__WHAT THE EXERCISE ASKS__.
Repeat the listing exactly. The images do not belong in the copy.

*** EXERCISE MATERIAL Section Begins ***

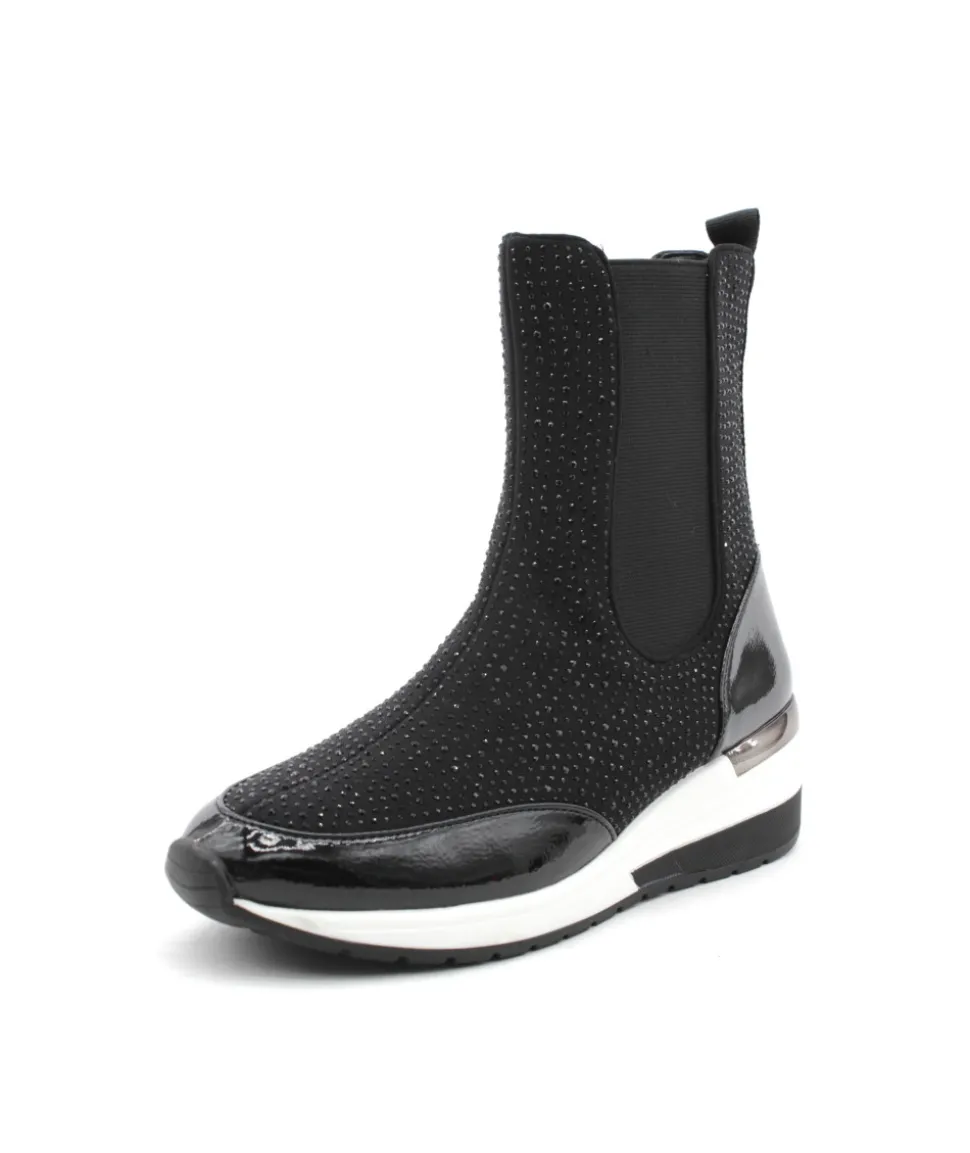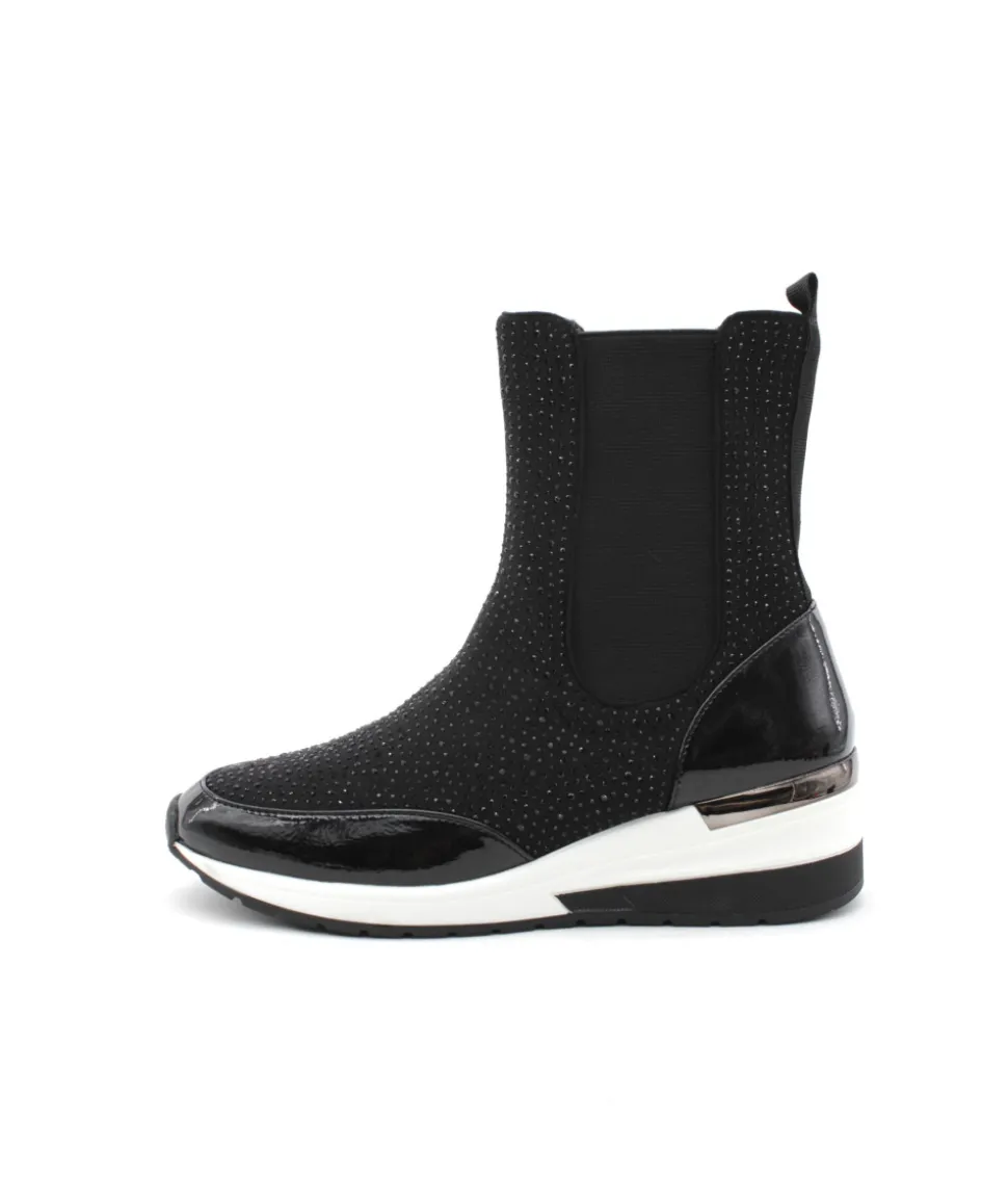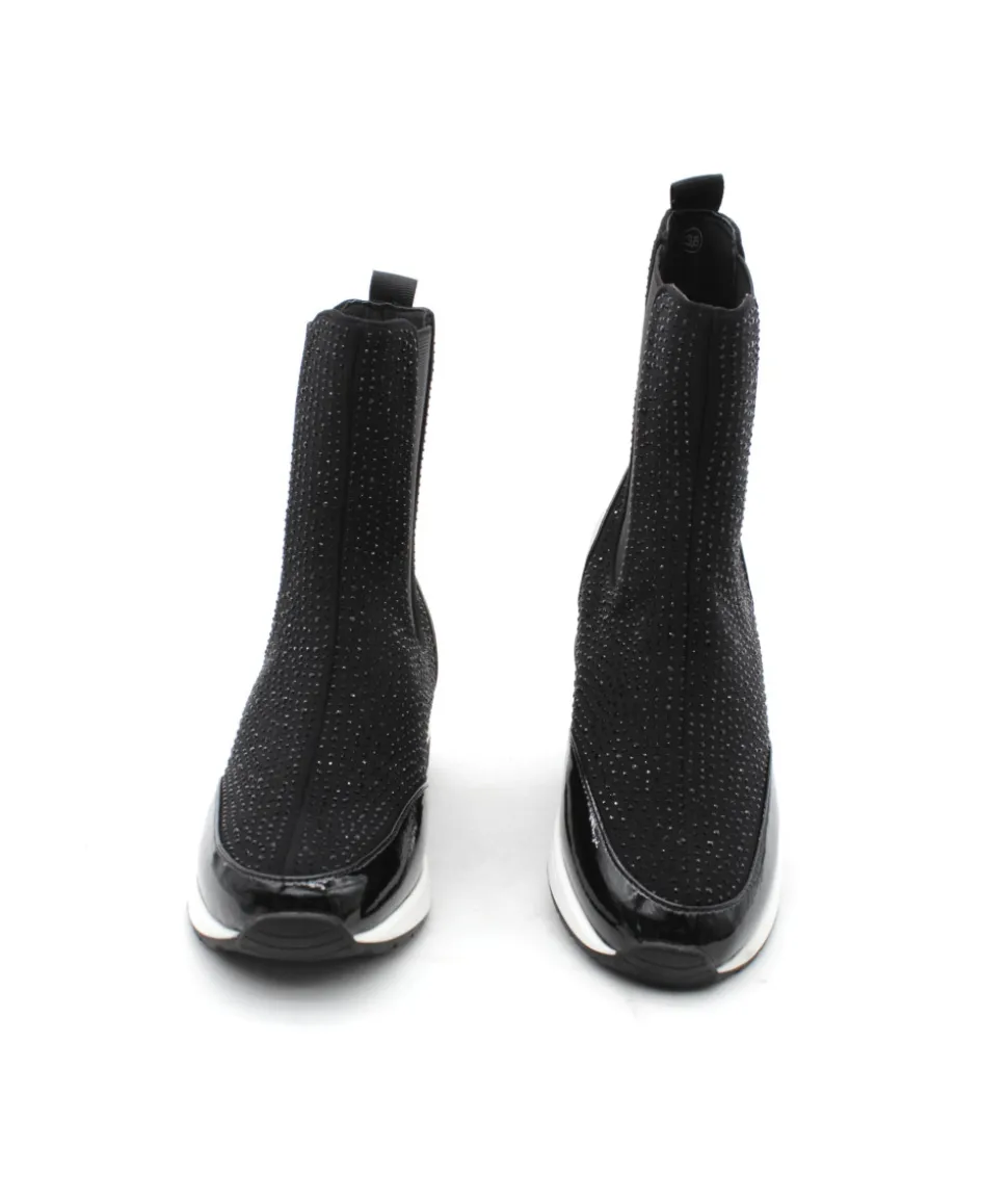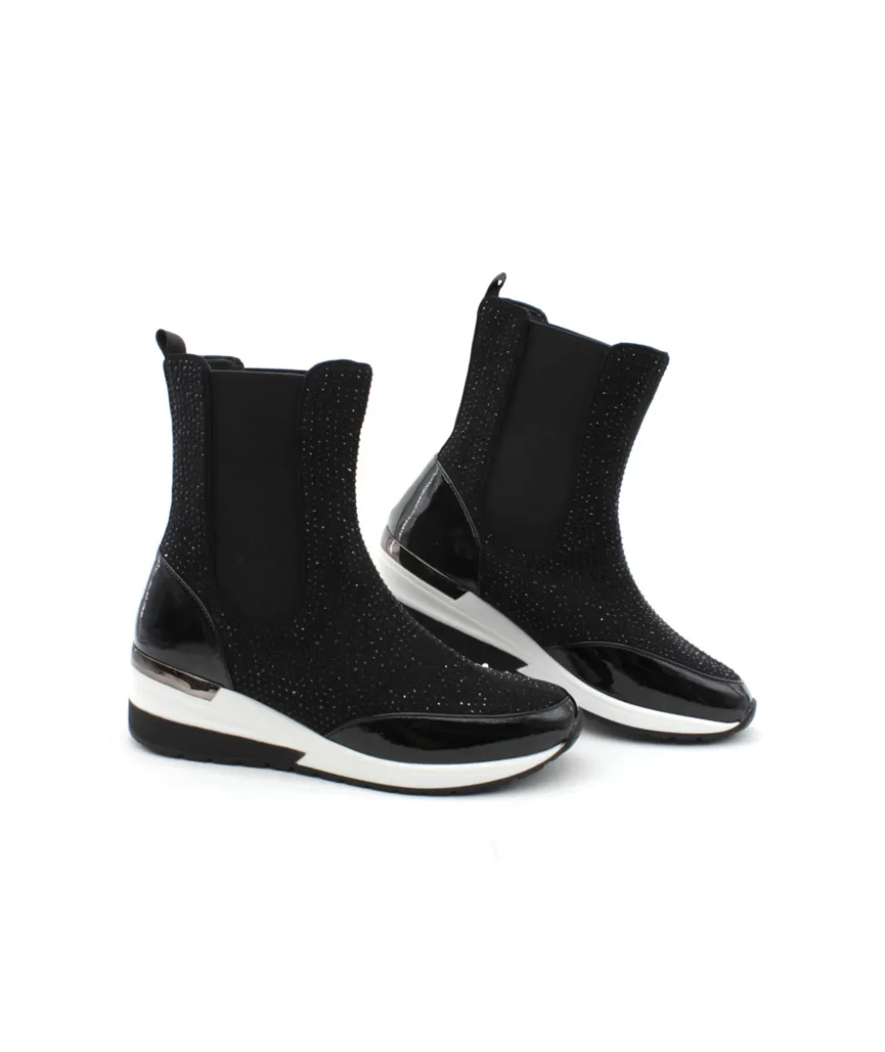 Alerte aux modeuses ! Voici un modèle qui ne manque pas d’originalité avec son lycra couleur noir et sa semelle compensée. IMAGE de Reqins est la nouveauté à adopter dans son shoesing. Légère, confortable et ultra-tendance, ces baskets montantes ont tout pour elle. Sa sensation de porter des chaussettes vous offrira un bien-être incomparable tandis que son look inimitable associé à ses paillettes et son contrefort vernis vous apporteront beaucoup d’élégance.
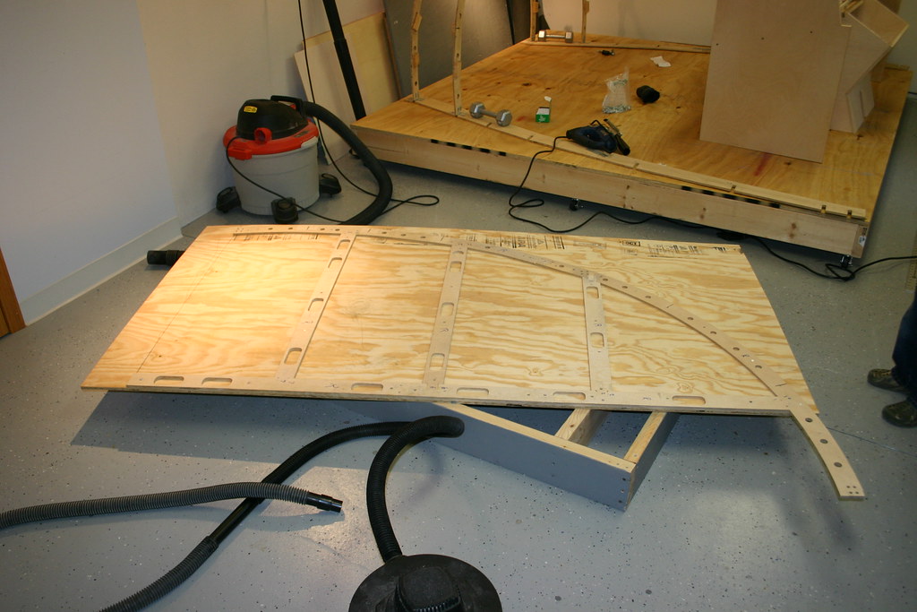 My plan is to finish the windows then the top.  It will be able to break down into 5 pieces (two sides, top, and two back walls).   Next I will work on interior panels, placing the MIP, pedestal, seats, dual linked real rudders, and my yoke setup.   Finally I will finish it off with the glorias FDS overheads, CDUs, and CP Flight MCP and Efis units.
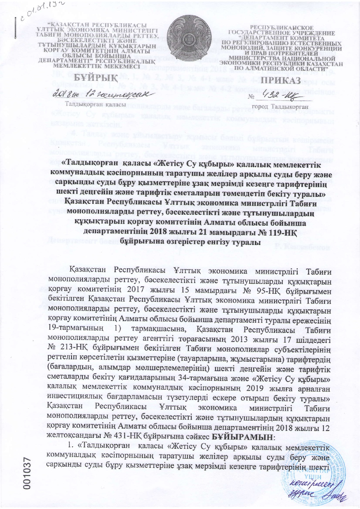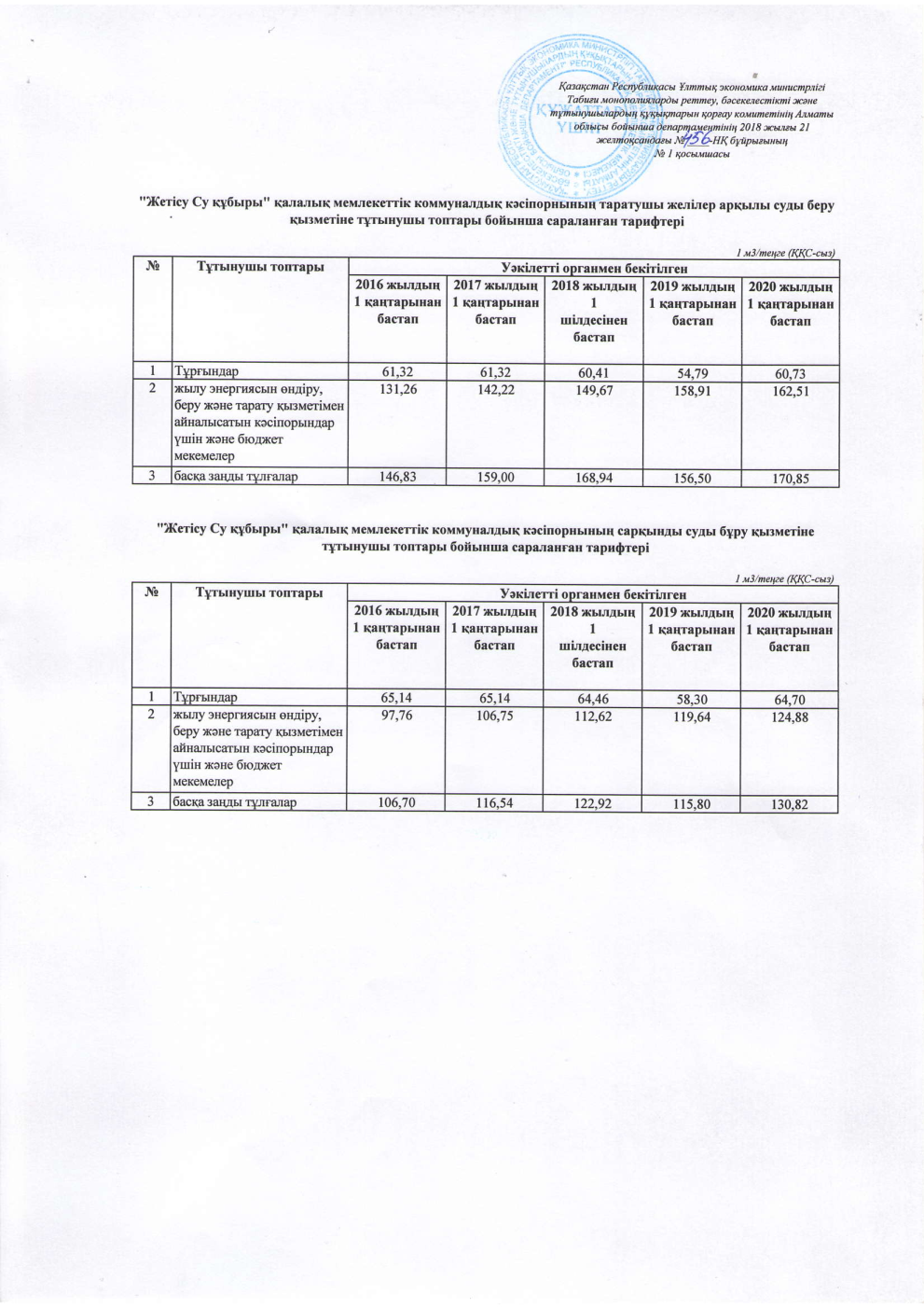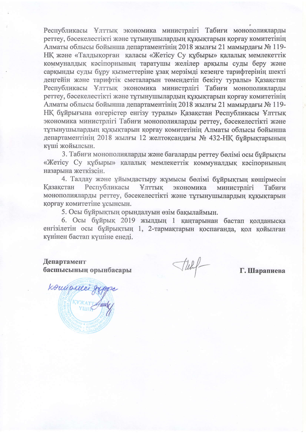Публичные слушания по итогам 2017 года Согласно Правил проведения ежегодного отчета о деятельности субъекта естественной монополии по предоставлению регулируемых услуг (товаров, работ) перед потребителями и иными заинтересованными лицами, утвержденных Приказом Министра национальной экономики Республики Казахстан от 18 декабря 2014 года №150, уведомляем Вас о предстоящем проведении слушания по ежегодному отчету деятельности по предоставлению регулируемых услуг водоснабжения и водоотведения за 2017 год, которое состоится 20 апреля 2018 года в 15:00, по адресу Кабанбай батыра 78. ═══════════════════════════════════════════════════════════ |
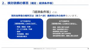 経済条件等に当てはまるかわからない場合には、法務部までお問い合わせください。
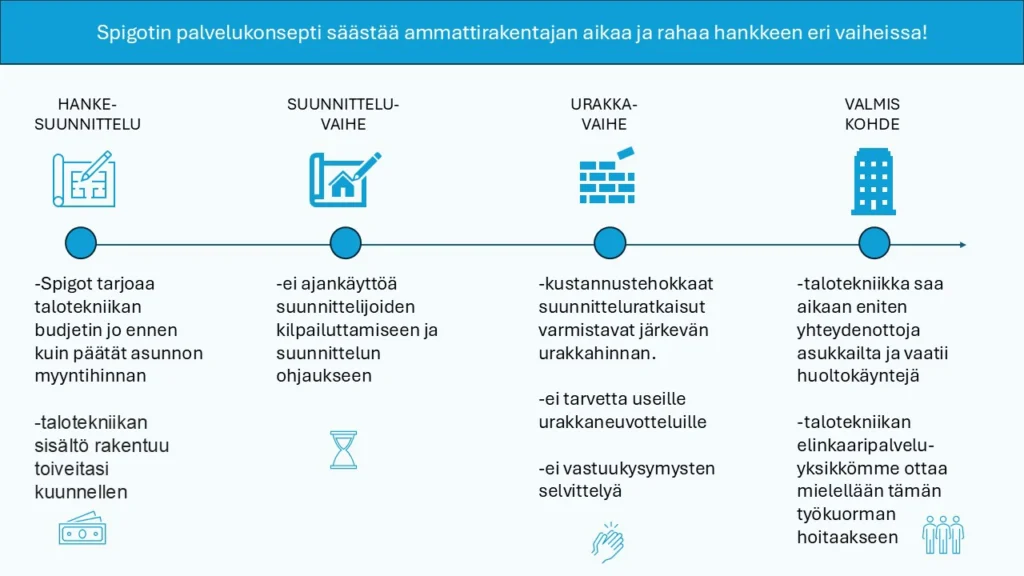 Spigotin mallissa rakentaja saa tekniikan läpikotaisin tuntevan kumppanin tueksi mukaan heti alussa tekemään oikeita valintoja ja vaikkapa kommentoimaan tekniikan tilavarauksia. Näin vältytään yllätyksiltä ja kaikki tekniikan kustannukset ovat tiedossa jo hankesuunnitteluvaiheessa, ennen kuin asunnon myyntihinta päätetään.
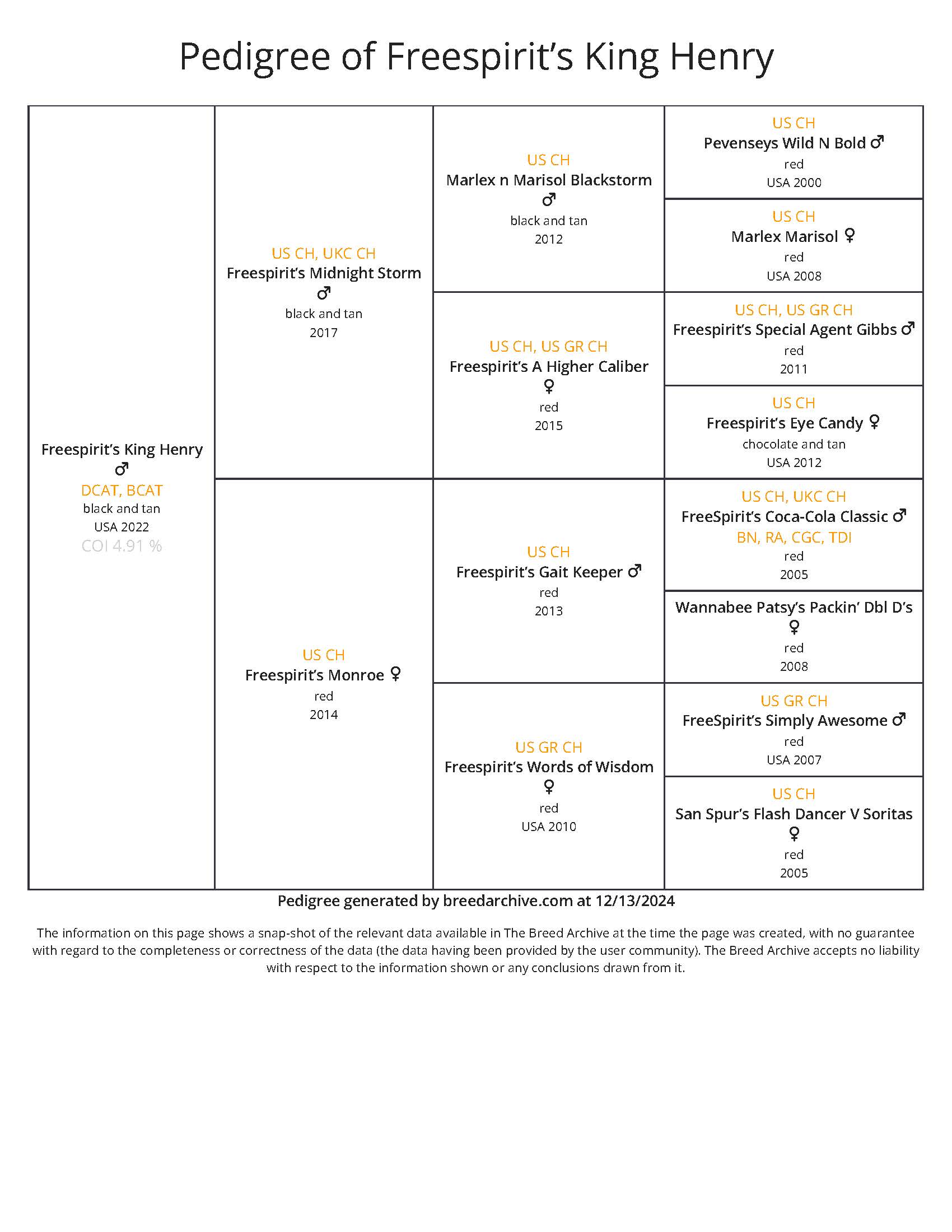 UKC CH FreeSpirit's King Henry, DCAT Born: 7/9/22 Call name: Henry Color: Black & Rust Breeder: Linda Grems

*** EXERCISE MATERIAL Section Ends ***

__EXERCISE SOLUTION__.
 Alerte aux modeuses ! Voici un modèle qui ne manque pas d’originalité avec son lycra couleur noir et sa semelle compensée. IMAGE de Reqins est la nouveauté à adopter dans son shoesing. Légère, confortable et ultra-tendance, ces baskets montantes ont tout pour elle. Sa sensation de porter des chaussettes vous offrira un bien-être incomparable tandis que son look inimitable associé à ses paillettes et son contrefort vernis vous apporteront beaucoup d’élégance.
 My plan is to finish the windows then the top.  It will be able to break down into 5 pieces (two sides, top, and two back walls).   Next I will work on interior panels, placing the MIP, pedestal, seats, dual linked real rudders, and my yoke setup.   Finally I will finish it off with the glorias FDS overheads, CDUs, and CP Flight MCP and Efis units.
Публичные слушания по итогам 2017 года Согласно Правил проведения ежегодного отчета о деятельности субъекта естественной монополии по предоставлению регулируемых услуг (товаров, работ) перед потребителями и иными заинтересованными лицами, утвержденных Приказом Министра национальной экономики Республики Казахстан от 18 декабря 2014 года №150, уведомляем Вас о предстоящем проведении слушания по ежегодному отчету деятельности по предоставлению регулируемых услуг водоснабжения и водоотведения за 2017 год, которое состоится 20 апреля 2018 года в 15:00, по адресу Кабанбай батыра 78. ═══════════════════════════════════════════════════════════ |
 経済条件等に当てはまるかわからない場合には、法務部までお問い合わせください。
 Spigotin mallissa rakentaja saa tekniikan läpikotaisin tuntevan kumppanin tueksi mukaan heti alussa tekemään oikeita valintoja ja vaikkapa kommentoimaan tekniikan tilavarauksia. Näin vältytään yllätyksiltä ja kaikki tekniikan kustannukset ovat tiedossa jo hankesuunnitteluvaiheessa, ennen kuin asunnon myyntihinta päätetään.
 UKC CH FreeSpirit's King Henry, DCAT Born: 7/9/22 Call name: Henry Color: Black & Rust Breeder: Linda Grems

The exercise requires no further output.